Книга Женщина в зеркале, страница 18. Автор книги Эрик-Эмманюэль Шмитт

Разделитель для чтения книг в онлайн библиотеке

Онлайн книга «Женщина в зеркале»

Cтраница 18

Из этой торжественной речи присутствующие не поняли ни слова. Годельева, помолчав, пролепетала:

— О чем это вы?

— О господи! — прорычал Брендор. — Ведь очевидно, что это дитя предназначено Богу!

Женщины застыли с разинутыми от удивления ртами.

Господь есть призвание Анны? Это никому не приходило в голову.

В том числе и Анне.

8

Вена, 2 июня 1905 г.


Дорогая Гретхен,

говорила ли я тебе о своей коллекции? Я как-то случайно начала собирать ее в Италии и потом настолько втянулась, что пришлось докупить три чемодана, чтобы перевозить ее во время наших странствий; а с тех пор как мы обосновались в Вене, это увлечение совершенно поглотило меня.

Прости, я увлеклась и еще ничего тебе не объяснила… Я просто без ума от цветов в стекле! Эти стеклянные шары, заключающие в своей твердой воде фиалки, ромашки, полевые цветы, бабочек, различные лица — я разыскиваю их, а найдя, покупаю. О, кажется, я могла бы даже похитить их!

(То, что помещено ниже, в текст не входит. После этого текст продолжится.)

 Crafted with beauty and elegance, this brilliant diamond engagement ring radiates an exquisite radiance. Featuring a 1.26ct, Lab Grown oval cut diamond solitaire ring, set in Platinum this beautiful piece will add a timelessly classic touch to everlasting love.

Мои шкафы ломятся под тяжестью «Бигалья», «Баккара», «Сен-Луи» и «Клиши». [2] Шары выставлены в моем будуаре и занимают все полки. Простые, веселые, девичьи, невинные, они переливаются сотнями ярких цветов. Их шарообразная форма и основание напоминают сахарные головы. Эти выдумки чаруют всех и вся, включая солнечный свет, который они притягивают и удерживают в глубине, как паутина, захватившая радугу.

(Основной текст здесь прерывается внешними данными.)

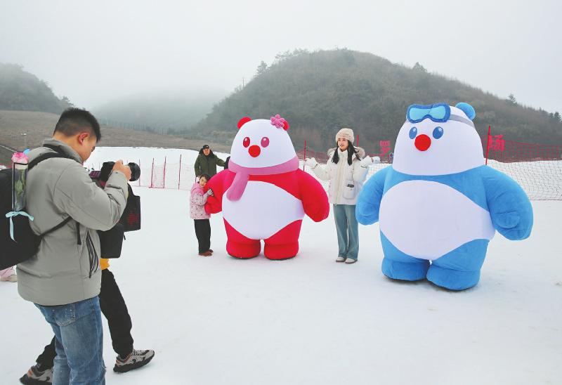 游客在巴山大峡谷罗盘顶滑雪场打卡拍照。宣汉县委宣传部供图
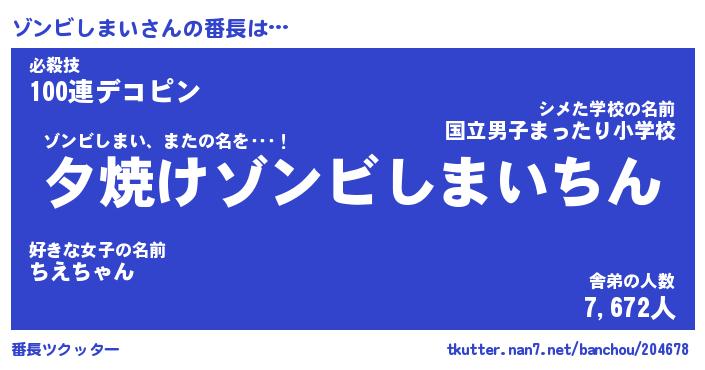 | ヒーロー風カッコイイあだ名 | 『スーパーゾンビシマイ』『炎刃騎士ゾン』 |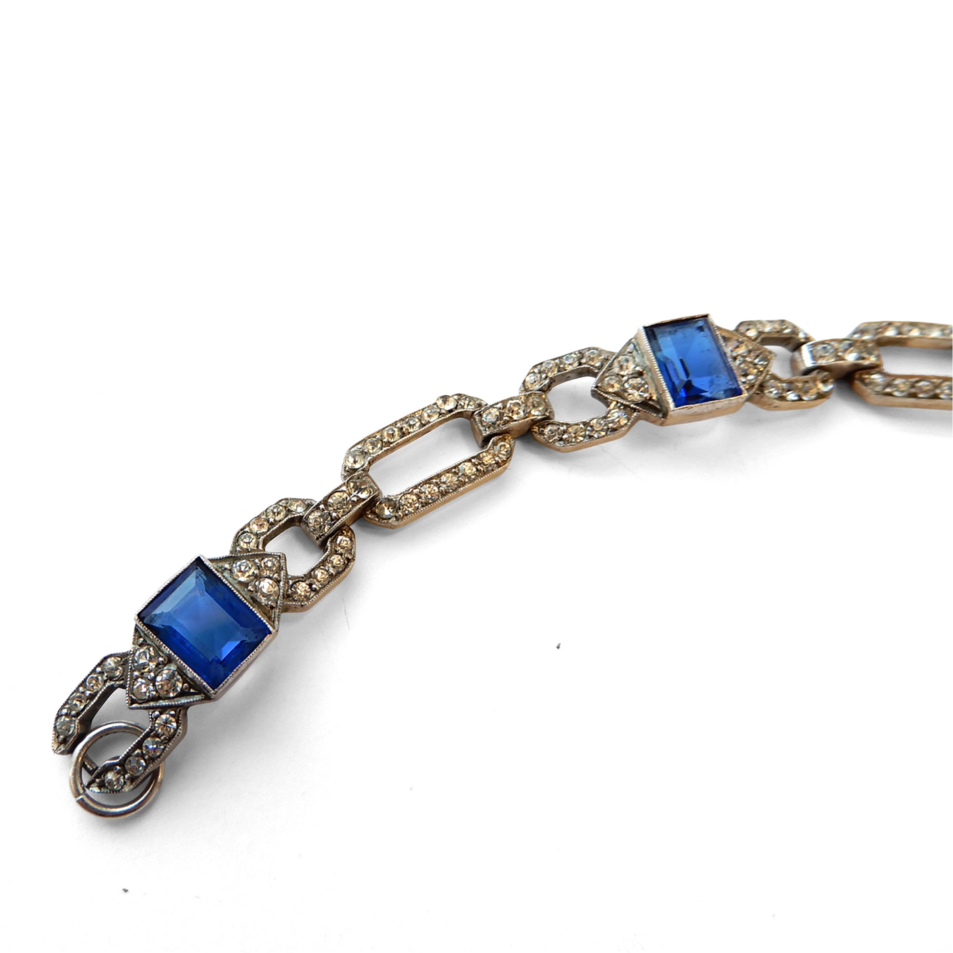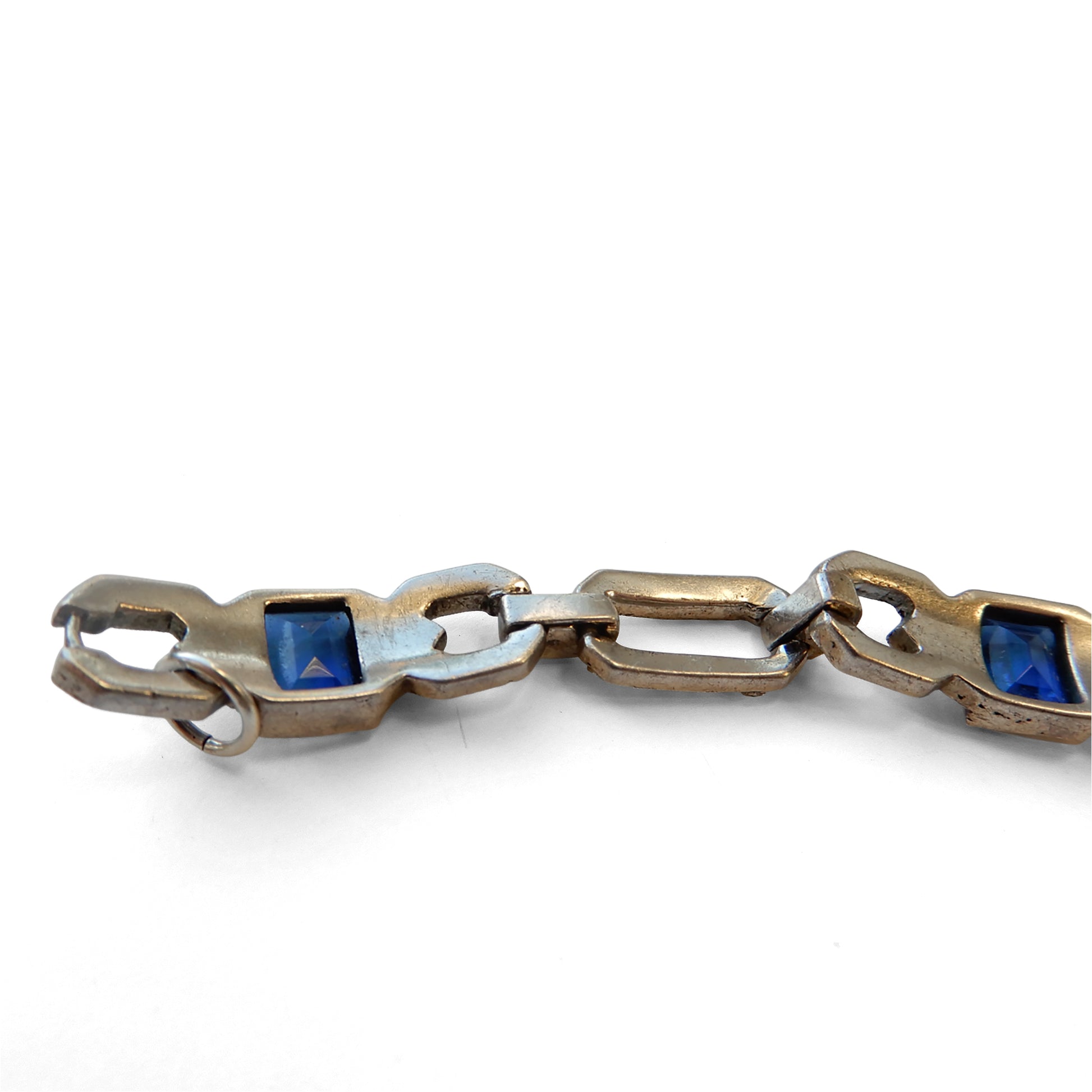 Vintage Sterling Silver Art Deco Style Sapphire Paste Bracelet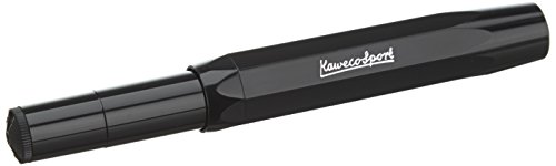 Il grande set offre una penna stilografica, quattro spessori del tratto (1,1 mm, 1,5 mm, 1,9 mm e 2,3 mm), 3 tappi di protezione per gli inserti intercambiabili e 2 confezioni di cartucce d'inchiostro originali Kaweco in nero perla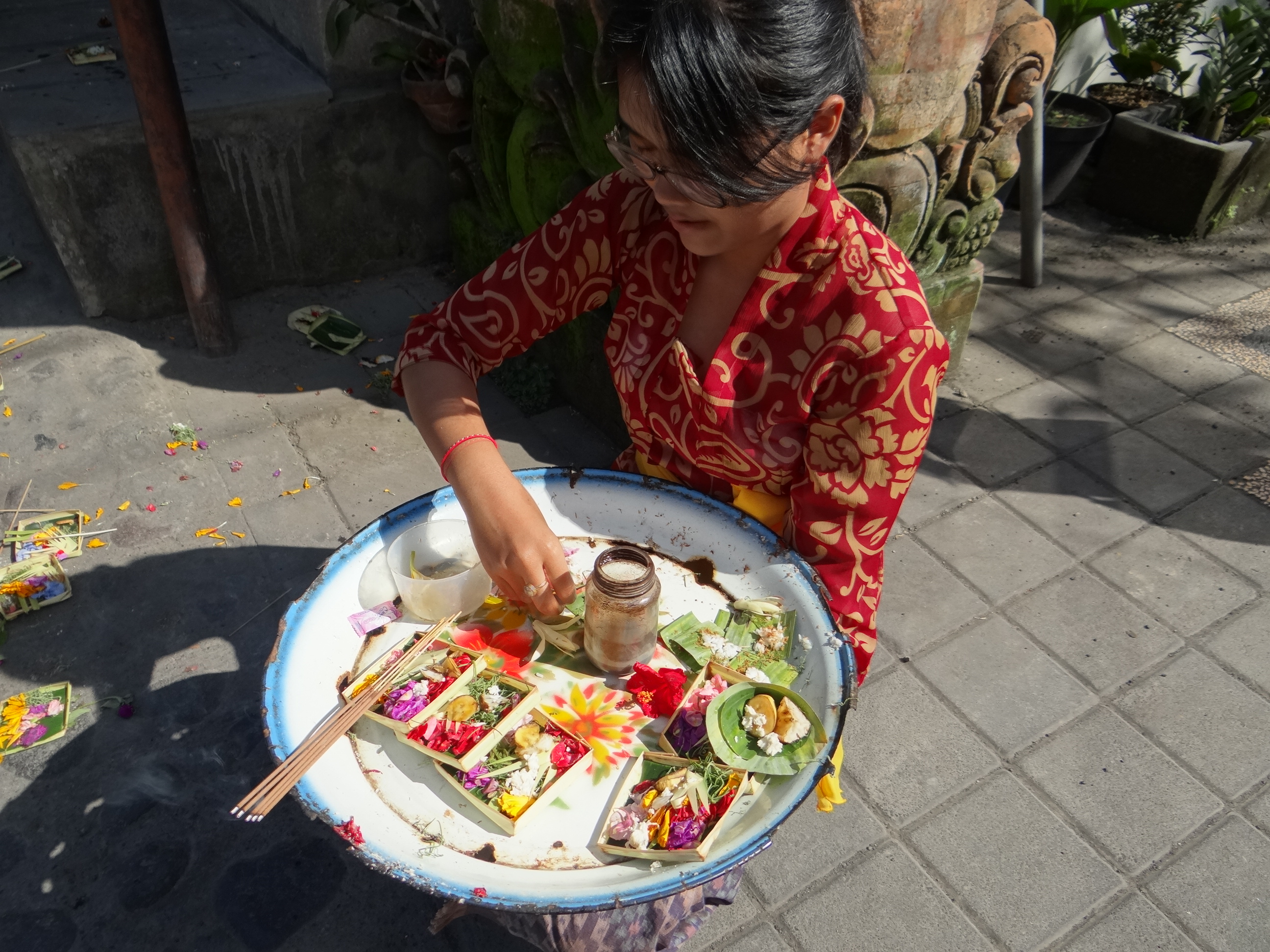 Il faut apprendre à se perdre dans ces rues, et à se promener lentement au rythme du Gamelan, à sentir l’encens et contourner les offrandes délicatement déposées un peu partout.

При взгляде на них я невольно погружаюсь в мечты. Когда мои глаза блуждают среди этих нетленных цветов, когда взгляд мой скользит по воздушным пузырькам, попавшим в хрустальные шары каплями вечной росы, мое воображение воспаряет ввысь… Не знаю ничего более роскошного, больше того, ни одна вещь никогда не рождала во мне столько мыслей и чувств.

Именно эти замечательные творения превратили меня в завзятого коллекционера, а не наоборот. Прежде у меня не было склонности к таким причудам. Нужно побывать в стеклодувной мастерской в Мурано, чтобы тебя как удар молнии поразила эта страсть…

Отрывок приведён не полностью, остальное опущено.